One method for handling this problem was appealing because it is so easy to understand and implement: Takahama and Sakai were first experimenting with a method for relaxing constraints during the early stages of optization with a formulation they called an α‑constrained genetic algorithm [3]. They later simplified the formulation and called the resulting algorithm ε constrained optimization. It can be applied to different optimization algorithms, not just genetic algorithms and variants [4]. Of special interest is the application of the method to differential evolution [5], [6] but of course it can also be applied to other forms of genetic algorithms.

Note that the ε in the name of the algorithm can be used for the δ used when converting an equality constraint to inequality constraints but is not limited to this case.

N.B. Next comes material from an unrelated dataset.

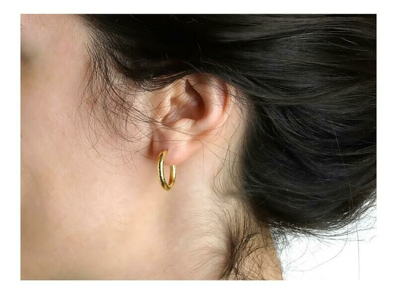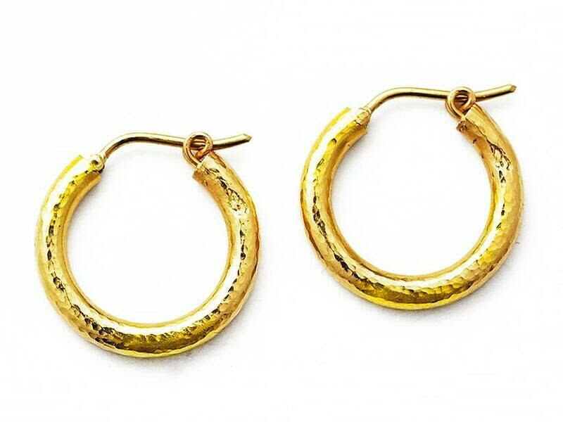Elizabeth Locke 19K Yellow Gold Small Hammered Hoop Earrings

During the run of the optimizer in each generation a new value for ε is computed. The comparison of individuals outlined above is modified, so that an individual is handled like it was not violating any constraints if the constraint violation is below ε. So if both individuals have constraint violations larger than ε, the one with lower violation wins. If one violation is below ε and the other above, the individual with the violation below ε wins. And finally if the constraint violations of both individuals are below ε, the normal comparison takes place.

The last case is the key to the success of this algorithm: Even though the search proceeds into a direction where the constraint violations are minimized, at the same time good solutions in terms of the objective function are found.

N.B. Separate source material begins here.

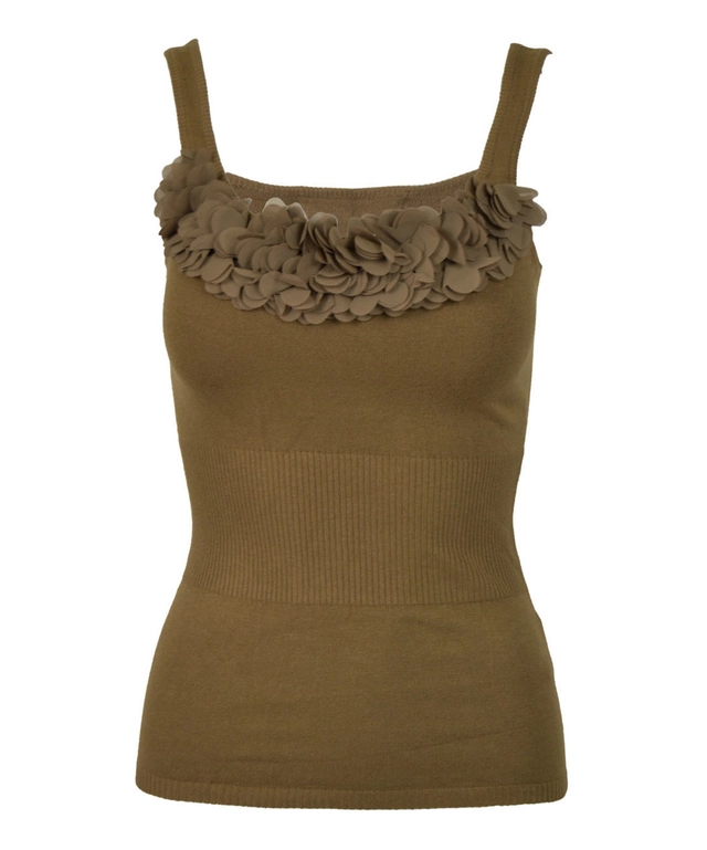 Women's tank top. Decorative flowers around the neckline

The algorithm begins by initializing \(\varepsilon_0\) with the constraint violation of the individuum with index \(\theta\) from the initial population sorted by constraint violation, where \(\theta\) is a parameter of the algorithm between 1 and the population size, a good value uses the individuum at about 20% of the population size which is also the default in PGAPack. In each generation \(t\), \(\varepsilon_t\) is computed by

\begin{equation*} \varepsilon_t = \varepsilon_0 \left(1-\frac{t}{T_c}\right)^{cp} \end{equation*}

up to generation \(T_c\). After that generation, ε is set to 0. The exponent \(cp\) is between 2 and 10. The 2010 paper [6] recommends to set \(cp = 0.3 cp + 0.7 cp_\min\) at generation \(T_\lambda = 0.95 T_c\) where \(cp_\min\) is the fixed value 3. The initial value of \(cp\) is chosen so that \(\varepsilon_\lambda=10^{-5}\) at generation \(T_\lambda\) unless it is smaller than \(cp_\min\) in which case it is set to \(cp_\min\). PGAPack implements this schedule for \(cp\) by default but allows to change \(cp\) at start and during run of the optimizer, so it's possible to easily implement a different schedule for \(cp\) – the default works quite nicely, though.

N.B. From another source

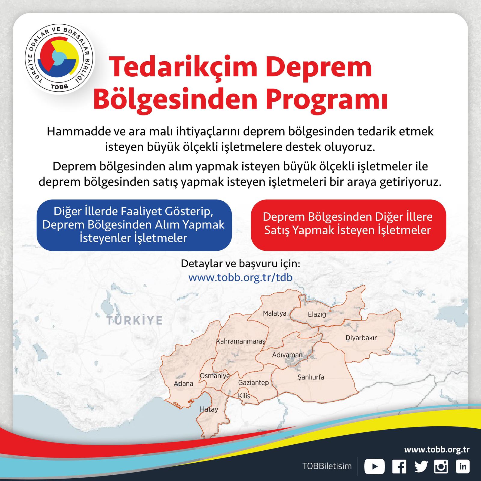 Malumunuz olduğu üzere; deprem bölgesinde sanayi, ticaret ve istihdamın yeniden canlandırılması, deprem bölgesinde faaliyet gösteren şirketlerin daha hızlı toparlanması amacıyla Birliğimiz tarafından “Tedarikçim

With the ε constraint method, example 7 from Deb [1] can be optimized with a precision of \(10^{-6}\) in my experiments, see the epsilon_generation parameter in the optimizer example

The antenna-optimizer with an ε‑generation of 50 (that's the \(T_c\) parameter of the algorithm) gets stuck in the local optimum only in one of 50 cases, all other cases find good results:

In that picture all the solutions that are dominated by solutions from another run are drawn in black. It can be seen that the data from run number 16 did not contribute any non-dominated solutions (on the right side in the legend the number 16 is missing). You can turn off the display of the dominated solutions by clicking on the black dot in the legend.

When I increase the ε‑generation to 60, the run with random seed 16 also finds a solution:

We also see that the solutions are quite good (quite near to the pareto front) for all runs, the black "shadow" of the dominated solutions is quite near to the real pareto front and it is enough to do a single run of the algorithm for finding a good set of solutions.